Bu otomasyon yanlılığı yüzünden yaşanan “GPS ölümleri” de var. Bir Japon turist grubu, Avustralya’da bir adaya GPS yardımıyla ulaşmaya çalışır. Sırf GPS öyle gösterdi diye aracı sahile sürüp denize uçarlar. 2017 yılında Lin et al., International Conference on Human Factors in Computing Systems (CHI) isimli konferansta yaptıkları sunumda buna benzer 158 GPS kazasını ele alır. İnsanlar neden önlerinde yol olmadığını açıkça görmelerine rağmen navigasyon sisteminin talimatlarını ölesiye izlemeye devam ediyor? İşte post-dijital cehaletimize bir örnek!
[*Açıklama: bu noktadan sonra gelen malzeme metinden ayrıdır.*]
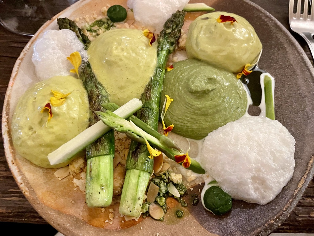 What did not need forgiveness was the food. The menu is short but seasonal and well-seasoned. We sampled three starters. One was asparagus, currently on the menu of every restaurant that cares about such things, although in meager portions because it is so expensive. Here we had two large stalks of perfectly cooked green asparagus and a couple of small raw ones for crunch, surrounded by mounds of creamy accompaniments, including basil zabaglione and almond foam.
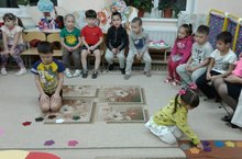 2-3 яшьлек балалар белән конструкторлар ярдәмендә төсләрне тану, әйтү серләренэ тошенәбез. Шул ук вакытта вак моториканы да ныгытабыз.
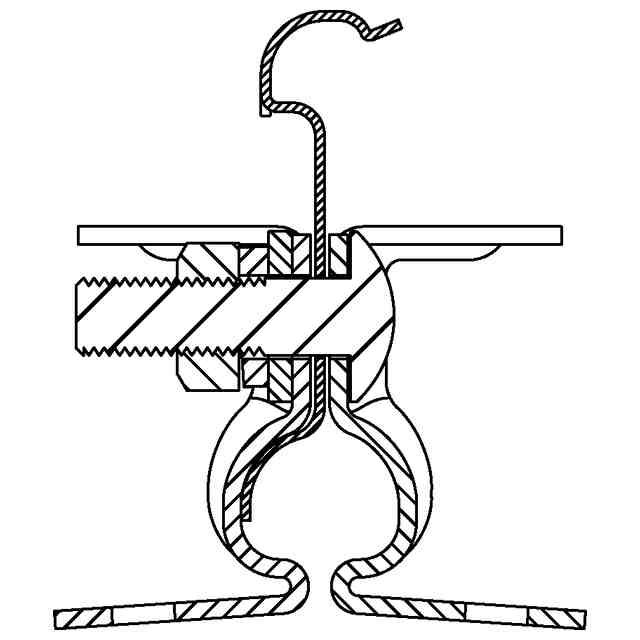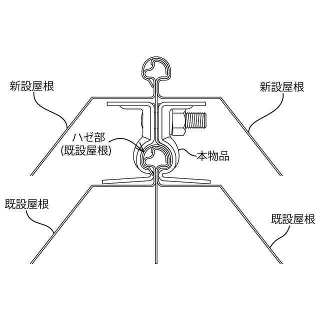 本願意匠に係る物品は、折板屋根の改修に使用される屋根板取付金具である。ハゼ折板屋根の改修工法の一としてカバー工法があるが、当該カバー工法において、本物品は既設の折板屋根とその上に設ける新設の折板屋根を接続するために用いられる。本物品の取付金具本体は、既設折板屋根のハゼ部を挟み込んで強固に固定する形状を備え、加えて、施工手間を少なくするために極力高さが低くされていることで特徴のある断面形状を有する。
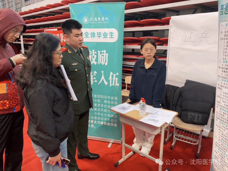 本次招聘会实现政校协同,努力打造就业特色服务体系。辽宁省卫健委及省卫生健康服务中心率12家三甲医院来校举办住培政策专场宣讲;沈阳市人社局联合于洪区人社局组建专业化政策宣讲团,为毕业生逐项解读“兴辽英才计划”“沈阳人才新政”等政策红利;现场还设立征兵咨询专区,邀请现役军官开展“携笔从戎,卫勤报国”主题政策解读,为医学毕业生开辟职业发展新路径。
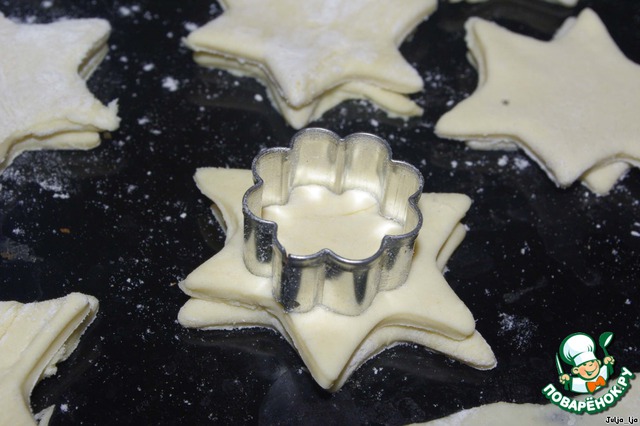 У половины звёздочек формочкой "цветочек", вырезаем серединку. Можно просто вырезать круг.
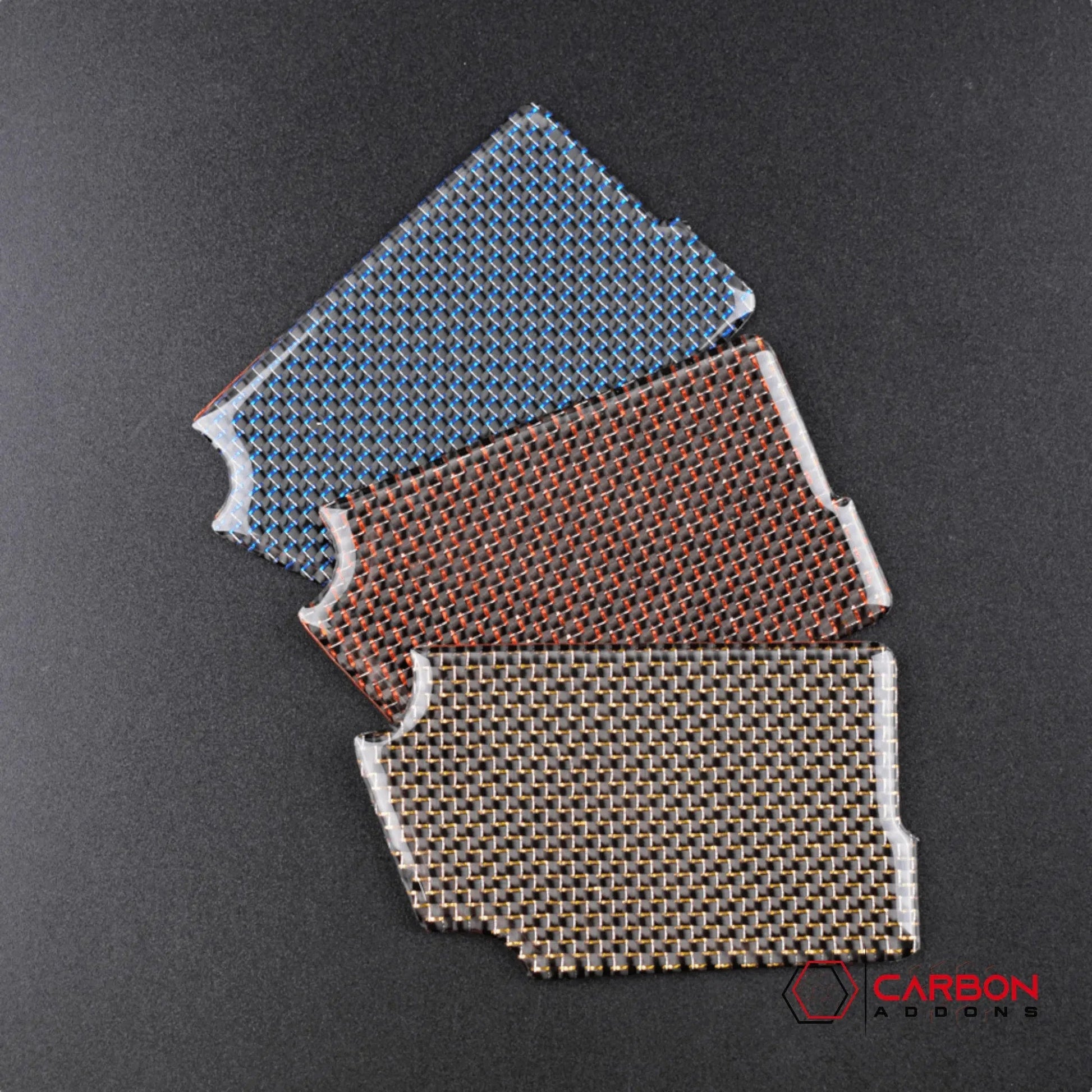 This carbon fiber interior Door Handle Trim Overlay is made using real carbon fiber woven in a 2x2 twill weave with an added metallic thread that reflects it's color for an added accent to the already beautiful carbon fiber strands. If you do not want the added metallic thread, you can find our standard carbon fiber version on another listing.
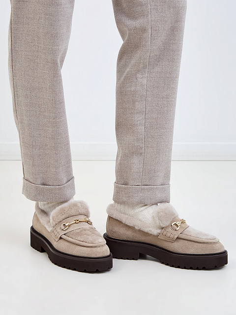 Женские замшевые лоферы с отделкой из овчины и литой пряжкой DOUCALS_W купить за 41 860 руб.
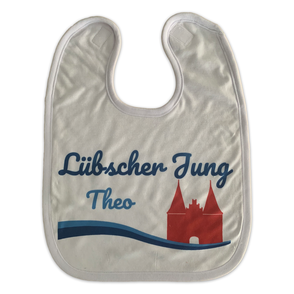 Lätzchen mit unserem Motiv “Lübscher Jung” und individuellem Namen aufgedruckt.
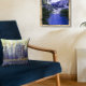 Bekijk dit prachtige Happy Hanuka Holiday kussen met sierkaarsen, kant en een boog in blauwe tinten. Het is origineel en met de hand geschilderd. U vindt veel bijpassende items met het ontwerp van deze kaars in hetzelfde collectie. Fijne Chanoeka!
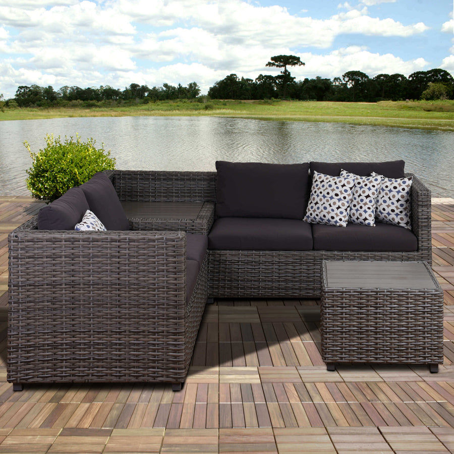 Re-vamp your backyard space with the modern and trendy Atlantic Cebu 5 piece sectional set. This outdoor furniture set includes one left corner two-seater and one right corner two-seater, both with storage space. Assembly is required for the sofa set.
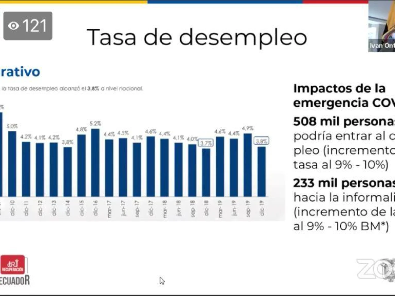 El ministro de Producción, Iván Ontaneda, aseguró que el impacto en el empleo por el coronavirus en Ecuador podría ser muy fuerte. Aseguró que 508 000 personas podrían entrar al desempleo y, el incremento de esta tasa sería del 9 % al 10 %, cuando en diciembre de 2019 dicho porcentaje era del 3.8 % a escala nacional. También dijo que la informalidad crecería en 233 000 personas, lo cual elevaría la tasa también un 9% o 10%, según datos entregados por el Banco Mundial.
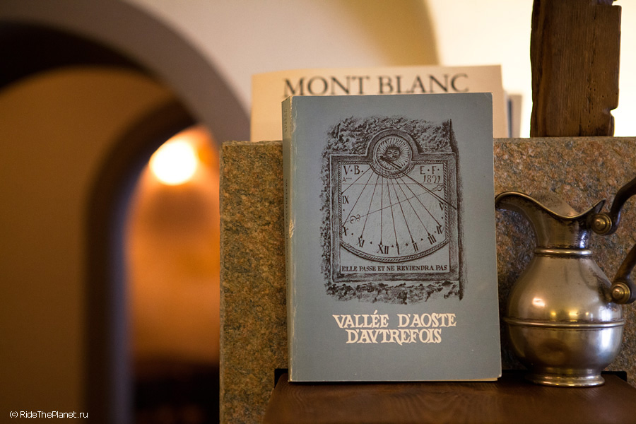 «В один из дней мы попали на обед к вальдостанскому графу — Камилло Россе, потомку древнего рода. В его фамильном доме мы отведали простой и натуральной пищи из местных продуктов, целиком выращенных в этой долине долине. Никто из нас не владеет итальянским, поэтому мы были сильно удивлены, узнав что между собой жители долины Аосты общаются на собственном языке, который хоть и похож на общепринятый итальянский, но обычный итальянец понять его не в силах».
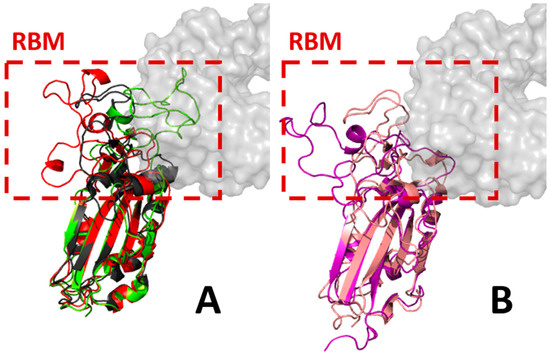 - Ford, C.T.; Jacob Machado, D.; Janies, D.A. Predictions of the SARS-CoV-2 Omicron Variant (B.1.1.529) Spike Protein Receptor-Binding Domain Structure and Neutralizing Antibody Interactions. Front. Virol. 2022, 2, 830202. [Google Scholar] [CrossRef]
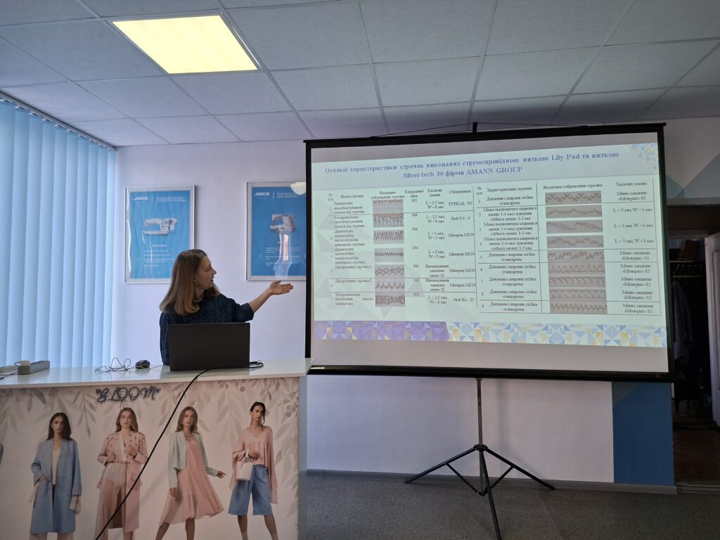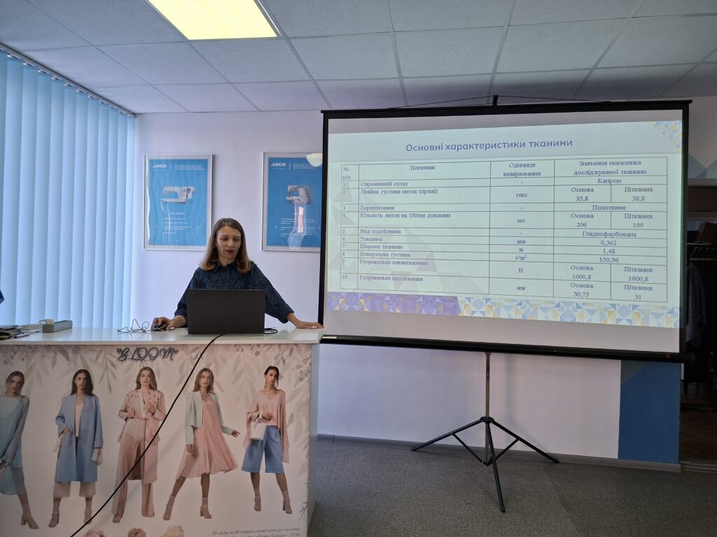 Наступними була доповідь Оксани ХАСАНОВОЇ, аспірантки групи ТЛПас-23-2, асистента кафедри технології і конструювання швейних виробів. У межах доповіді аспірантка представила порівняльну характеристику двох типів струмопровідних ниток, акцентувавши увагу на їх технологічних та експлуатаційних властивостях у процесі виконання декоративних строчок, а також обґрунтувала вибір матеріалів-основ, на яких здійснювалося формування відповідних швейних елементів.
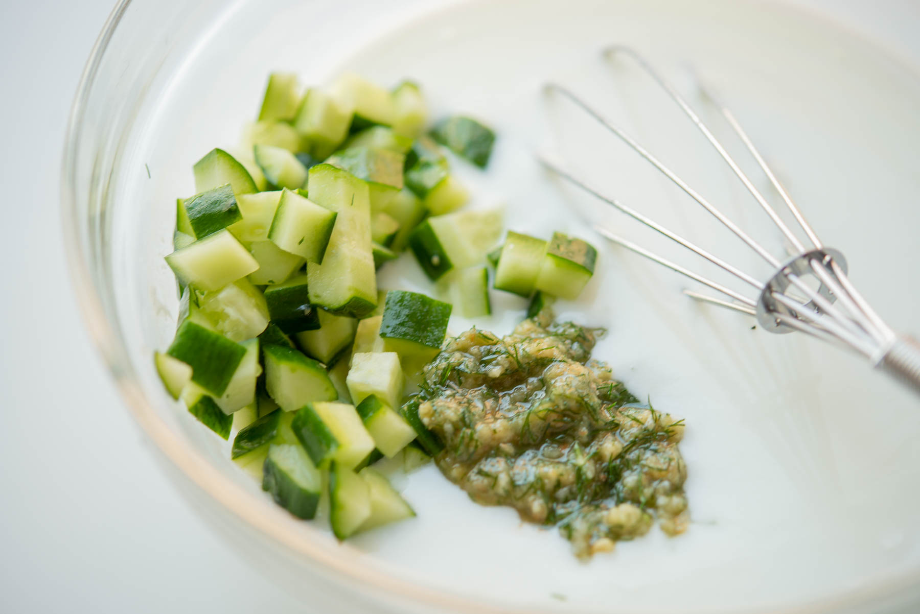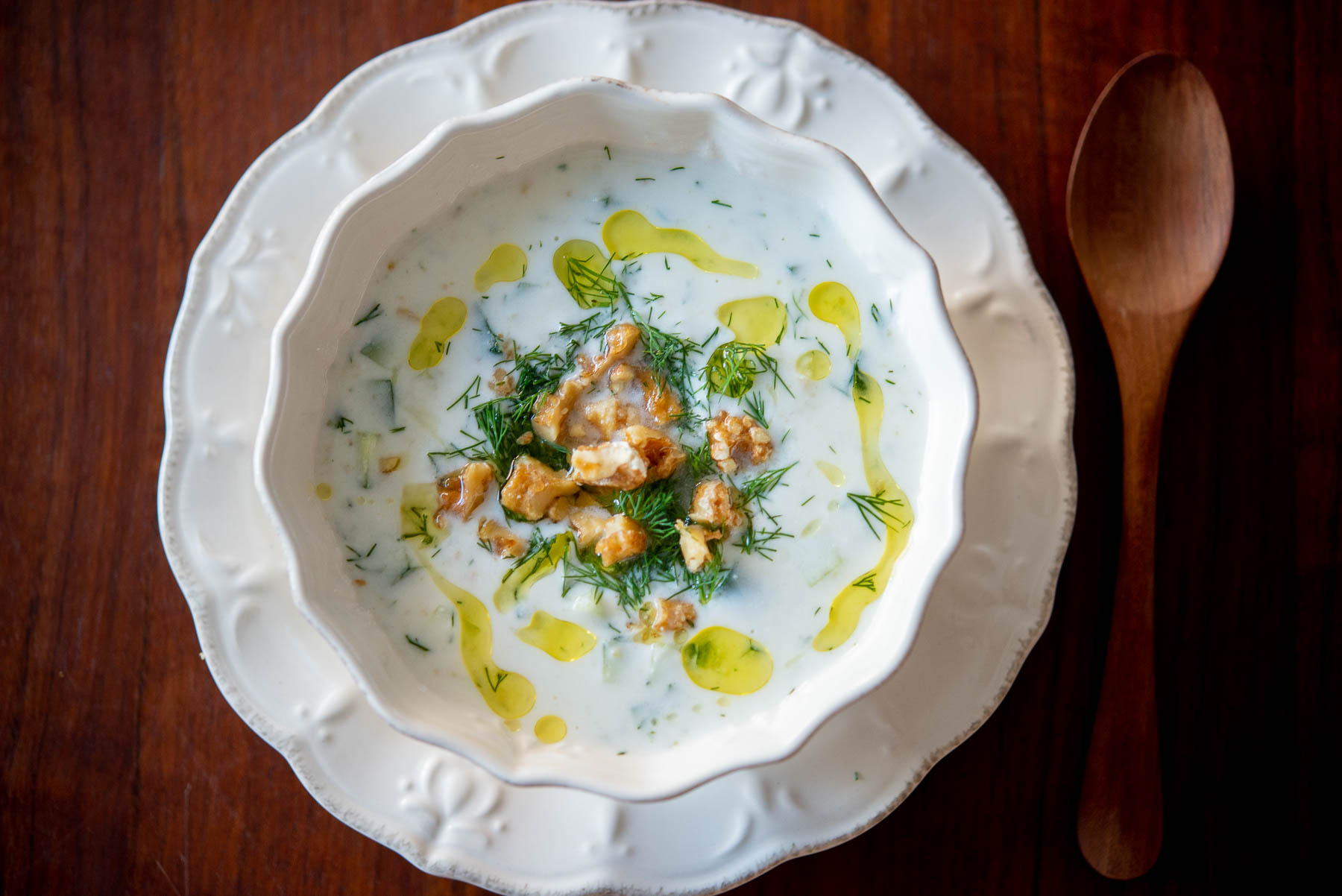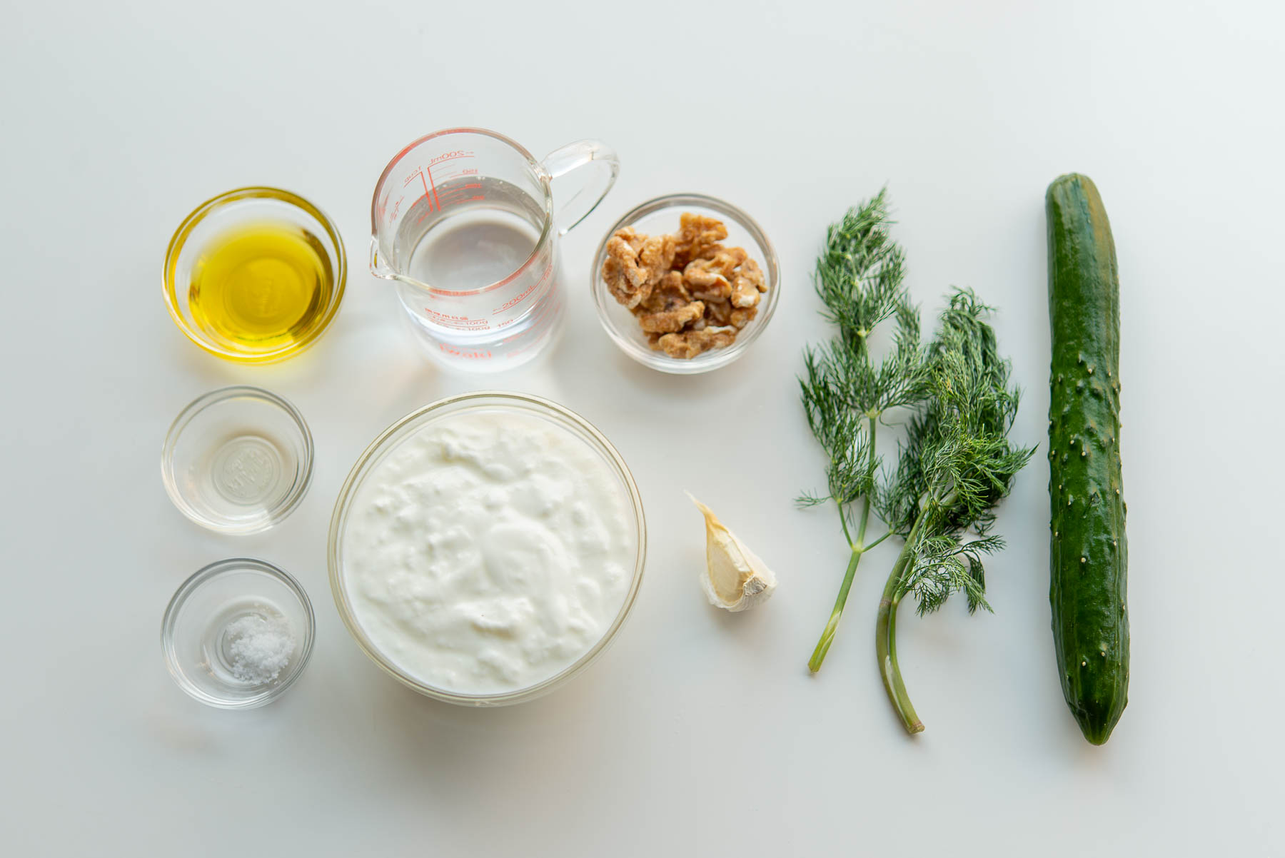 一切火を使わずに作る。くるみ、オリーブオイル、ディルの一部は取りおいて仕上げにも使う。作った後に冷蔵庫に冷やしておくのもおいしい。また、生のにんにくをおろして使うのだが、ヨーグルトとディルのおかげで食後に香りがほぼ残らないようだ。

Uluslararası A’21 festivali, işlemleme (computation) mantığının yaşamımızın kurucu bir öğesi olduğu bugünlerde bu durumun beraberinde getirdiği bilinmezlik hallerine pek çok disiplini bir araya getirerek ışık tuttu. Festivalde bu tema etrafında düzenlenmiş pek çok ilginç sunum, atölye, ders ve sanatsal çalışma vardı.

Dijital çağı sadece yetilerde artışla, bilgi düzeyinde ilerlemeyle ilişkilendiren tek yönlü yaklaşımlar bir yana giderek karmaşıklaşan ve okunmaz olduğu kadar vazgeçilmez bir hal de alan teknolojilerin beraberinde getirdiği cehalet biçimlerine göz gezdirmek isteyenlere duyurulur.